Elaine Walker is a composer, electronic musician and author. She has published mathematics papers and written a physics/philosophy book, Matter over mind: cosmos, chaos, and curiosity (2016). She specializes in microtonal music, including founding ZIA, an all-electronic band, and performing with D.D.T.. She describes: "I compose microtonal music strictly by ear and leave it to others to analyze, so you won't find ratios or mathematics here."

==Life==

Raised in southern New Mexico "by two loving mathematicians", her parents were professors Elbert A. Walker and Carol L. Walker.

Walker has a Music Synthesis Production degree from Berklee College of Music (1991) and a master's degree in Music Technology from New York University (2001). In her master's thesis, she developed a new kind of music compositional theory called "Chaos Melody Theory" based on recursive chaos mathematics. She was a music editor for Pokémon with 4Kids Entertainment, and later GoGoRiki.

Walker is a long-time space advocate and has served as Education and Public Outreach Coordinator for the Haughton–Mars Project in the Arctic. Her video for Martians was recorded there in 2003 (commissioned by NASA)
to promote the prospect of humans living on Mars.

==Work==

===ZIA===

In 1991, Walker formed the band ZIA, an American electronic industrial rock band based out of Boston and named after the Zia sun symbol featured in the Flag of New Mexico. In the early years ZIA performed with Emergency Broadcast Network, A Flock of Seagulls, and Marilyn Manson in the Boston area.

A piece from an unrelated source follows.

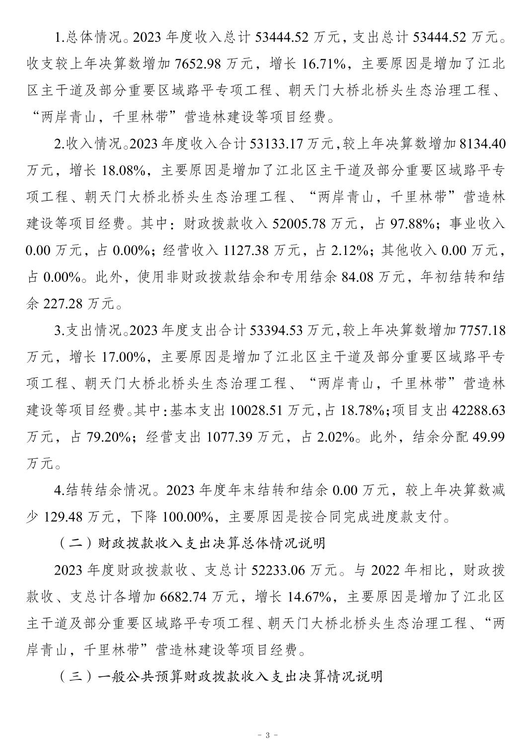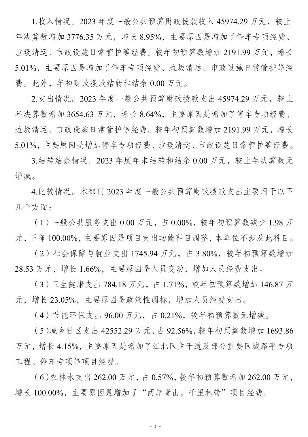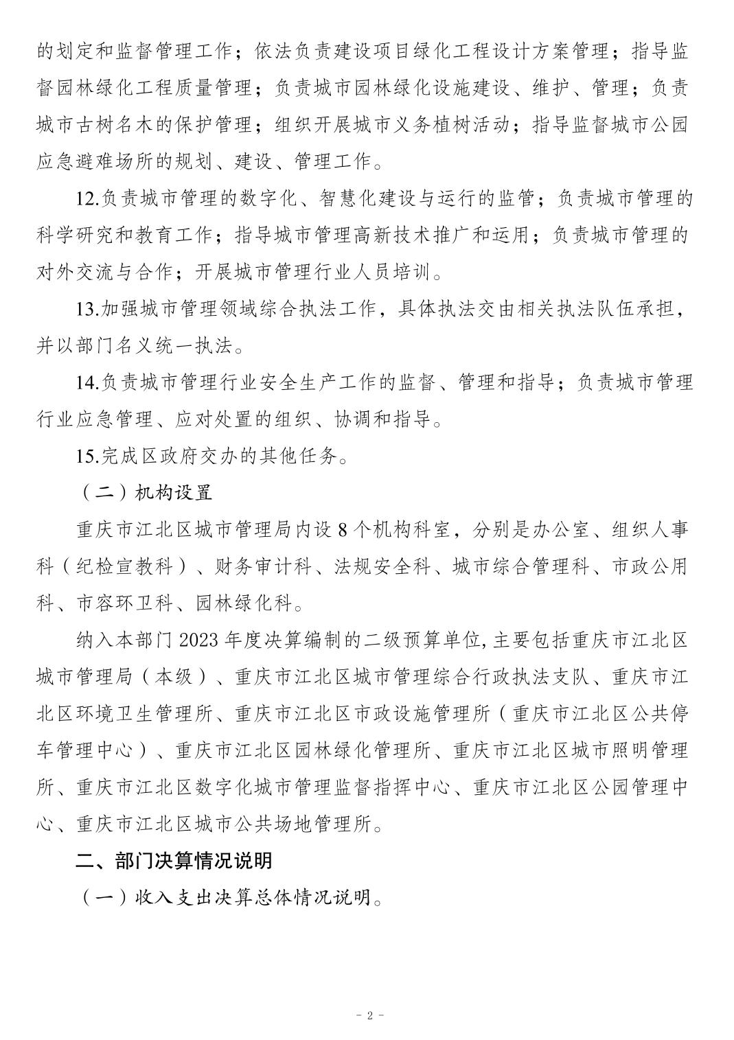 重慶市江北區城市管理局2023 年度系統決算公開說明

ZIA released five albums: Zia v1.5 (1992), Big Bang! (2000), SHEM (1996), Martians (2005) and Drum 'n' Space (2011).

After graduating from Berklee in 1991, Walker composed her first music for ZIA and also joined the industrial band D.D.T., adding microtonal synths. The first ZIA show in 1992 included the other D.D.T. band members, which began the tradition of borrowing musicians from other bands for ZIA shows. Fifth Colvmn Records released the EP Shem in 1996, and the composition "Space-Time" was released on the label's Echo compilation.

===Solo work===
Walker had already released her debut studio album titled Blue Cartoon in 1989, before founding ZIA. Her four solo releases between 1999 and 2001 were created for the pro-space community, some of which she performed at space conventions for National Space Society, Space Access Society, Space Frontier Foundation, and Mars Society.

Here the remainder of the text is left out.